### EXERCISE DETAILS
Copy out the data below as written; omit any images.

### SOURCE DATA
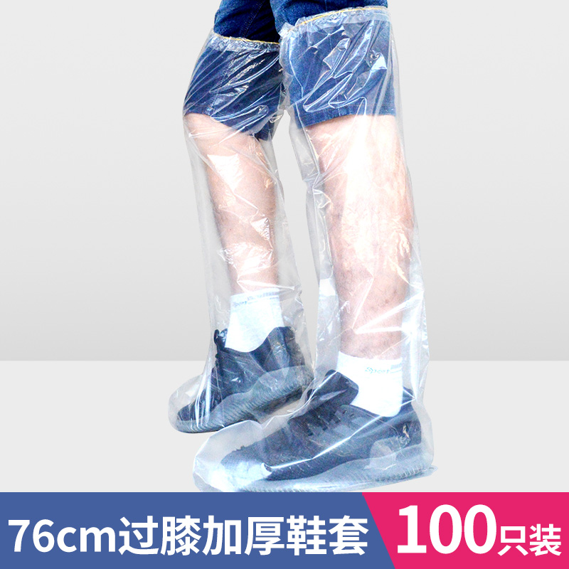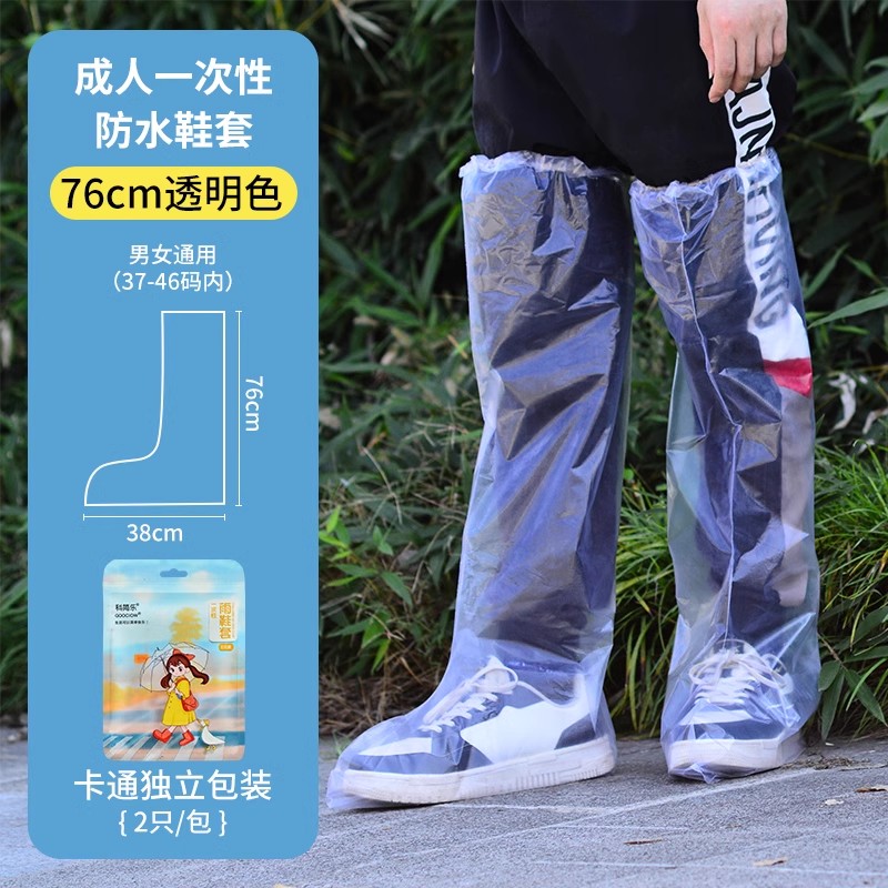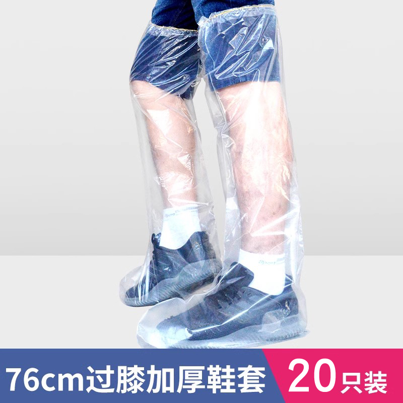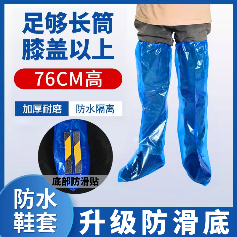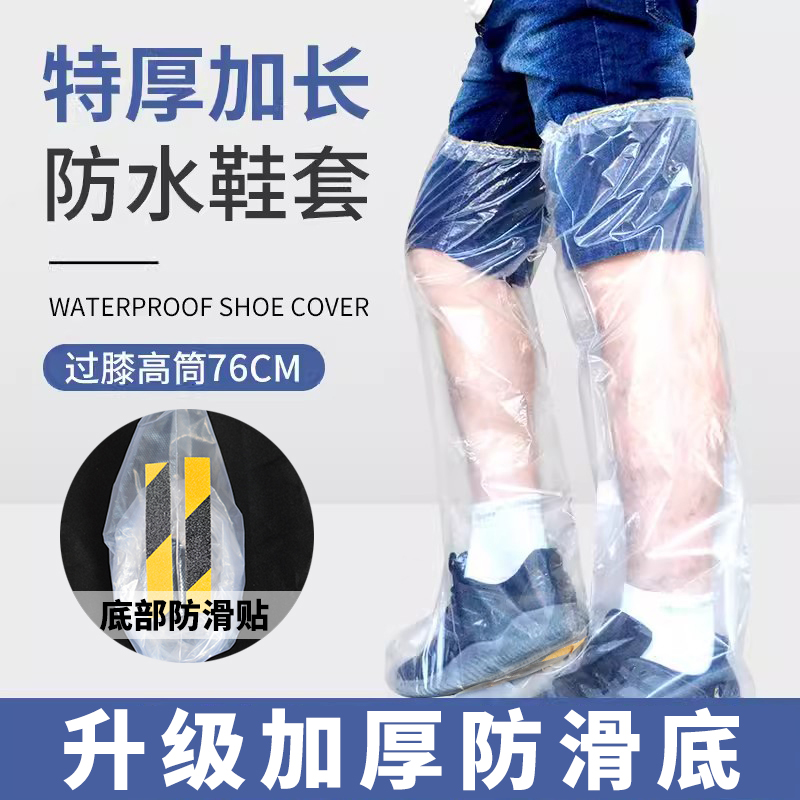 일회용 레인슈즈 커버, 사이클링용 무릎 위 미끄럼 방지 및 내마모성 플라스틱 발 커버, 방수 및 방수 래프팅 레인 팬츠스토어 가기
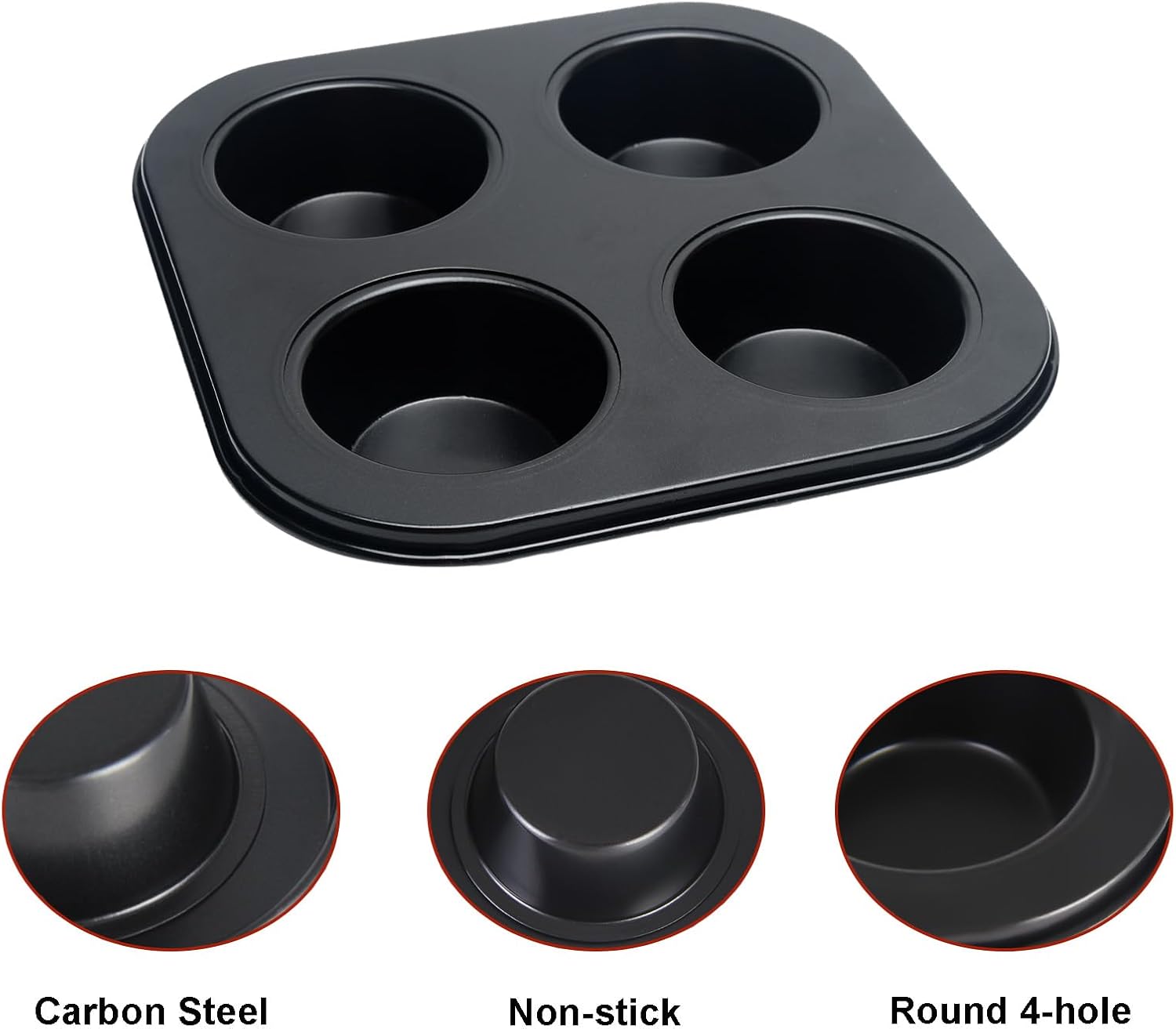 - High Quality: The Non-Stick 4-Hole Standard muffin pan is made from heavy duty tinplate materials for superior heat conduction and even baking
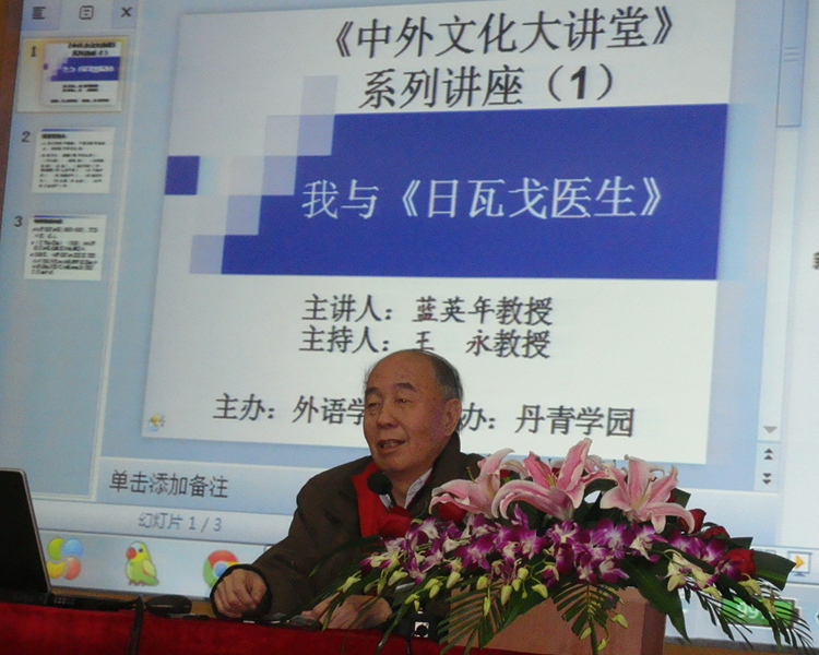 2013年11月29日15:30分,北京师范大学教授、中国作家协会会员、俄苏文学研究专家蓝英年先生来到浙江大学国际会议中心138室报告厅,做客由外语学院主办、丹青学园协办的《中外文化大讲堂》,为我校广大师生做了题为“我与《日瓦戈医生》”的精彩讲座。讲座由浙江大学外语学院副院长王永教授主持。
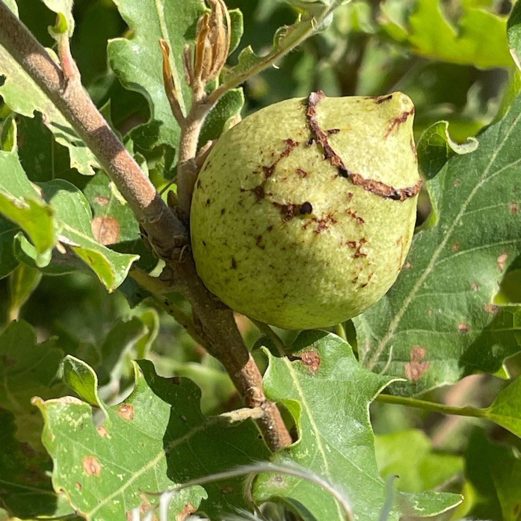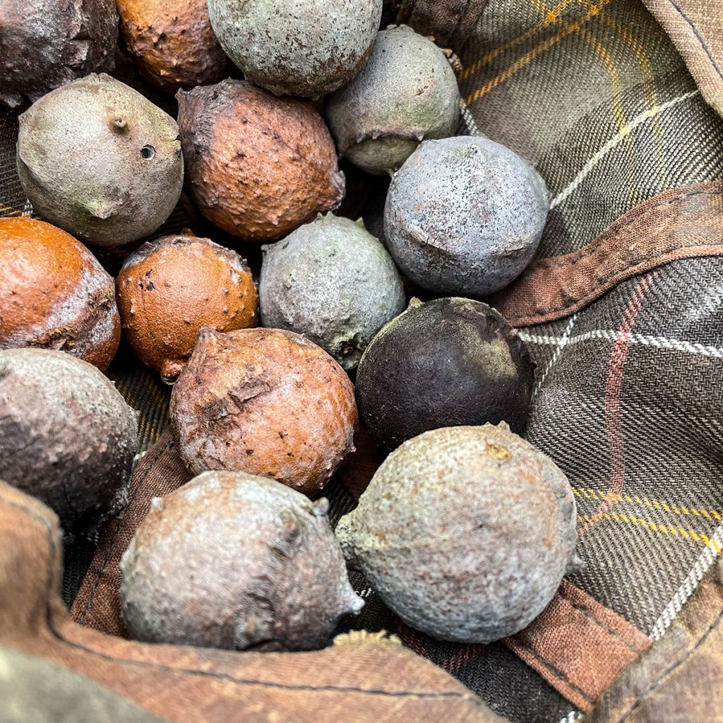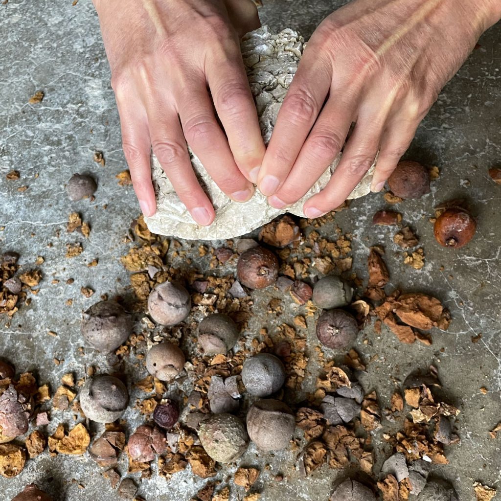 The oak galls (also called oak apples or oak nuts) used for this work were collected in the Molise region, Italy. In Europe the galls are created by the female Biorhiza Pallida, the oak gall wasp who lays single eggs in developing leaf buds of oak trees. The oak bud is infused by chemicals from the larvae’s secretion and changes slowly into a gall and forms a protective structure that host the metamorphosis of the larvae into adulthood.
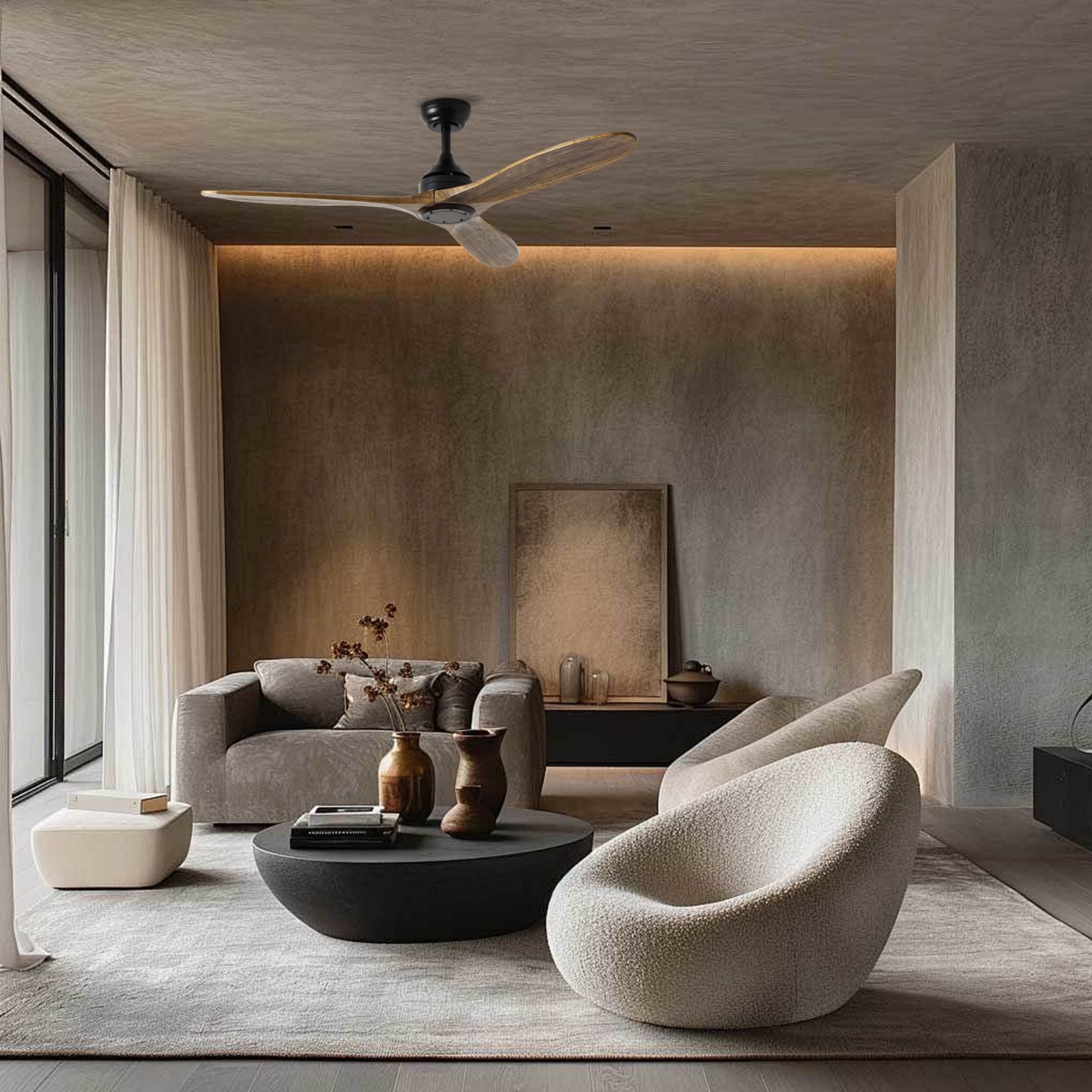 ZEVENTI - Stropný ventilátor LAURIA Wi-Fi Tuya čierna/dub + diaľkové ovládanie
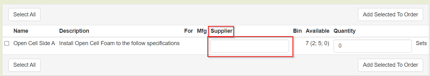 Next you will need to select the items you’d like to add to your work order. You will nee to make sure you are inputting which supplier these materials are coming from. A default supplier can be added to all your items, so that when you create Stock orders this field is prefilled in.
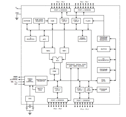 AT89S8253-24JU features: (1)64-byte User Signature Array; (2)2.7V to 5.5V Operating Range; (3)Fully Static Operation: 0 Hz to 24 MHz; (4)Three-level Program Memory Lock; (5)256 x 8-bit Internal RAM; (6)32 Programmable I/O Lines; (7)Three 16-bit Timer/Counters; (8)Nine Interrupt Sources; (9)Enhanced UART Serial Port with Framing Error Detection and Automatic Address Recognition; (10)Enhanced SPI (Double Write/Read Buffered)Serial Interface; (11)Low-power Idle and Power-down Modes; (12)Interrupt Recovery from Power-down Mode; (13)Programmable Watchdog Timer; (14)Dual Data Pointer; (15)Power-off Flag.

### SOLUTION
 일회용 레인슈즈 커버, 사이클링용 무릎 위 미끄럼 방지 및 내마모성 플라스틱 발 커버, 방수 및 방수 래프팅 레인 팬츠스토어 가기
 - High Quality: The Non-Stick 4-Hole Standard muffin pan is made from heavy duty tinplate materials for superior heat conduction and even baking
 2013年11月29日15:30分,北京师范大学教授、中国作家协会会员、俄苏文学研究专家蓝英年先生来到浙江大学国际会议中心138室报告厅,做客由外语学院主办、丹青学园协办的《中外文化大讲堂》,为我校广大师生做了题为“我与《日瓦戈医生》”的精彩讲座。讲座由浙江大学外语学院副院长王永教授主持。
 The oak galls (also called oak apples or oak nuts) used for this work were collected in the Molise region, Italy. In Europe the galls are created by the female Biorhiza Pallida, the oak gall wasp who lays single eggs in developing leaf buds of oak trees. The oak bud is infused by chemicals from the larvae’s secretion and changes slowly into a gall and forms a protective structure that host the metamorphosis of the larvae into adulthood.
 ZEVENTI - Stropný ventilátor LAURIA Wi-Fi Tuya čierna/dub + diaľkové ovládanie
 Next you will need to select the items you’d like to add to your work order. You will nee to make sure you are inputting which supplier these materials are coming from. A default supplier can be added to all your items, so that when you create Stock orders this field is prefilled in.
 AT89S8253-24JU features: (1)64-byte User Signature Array; (2)2.7V to 5.5V Operating Range; (3)Fully Static Operation: 0 Hz to 24 MHz; (4)Three-level Program Memory Lock; (5)256 x 8-bit Internal RAM; (6)32 Programmable I/O Lines; (7)Three 16-bit Timer/Counters; (8)Nine Interrupt Sources; (9)Enhanced UART Serial Port with Framing Error Detection and Automatic Address Recognition; (10)Enhanced SPI (Double Write/Read Buffered)Serial Interface; (11)Low-power Idle and Power-down Modes; (12)Interrupt Recovery from Power-down Mode; (13)Programmable Watchdog Timer; (14)Dual Data Pointer; (15)Power-off Flag.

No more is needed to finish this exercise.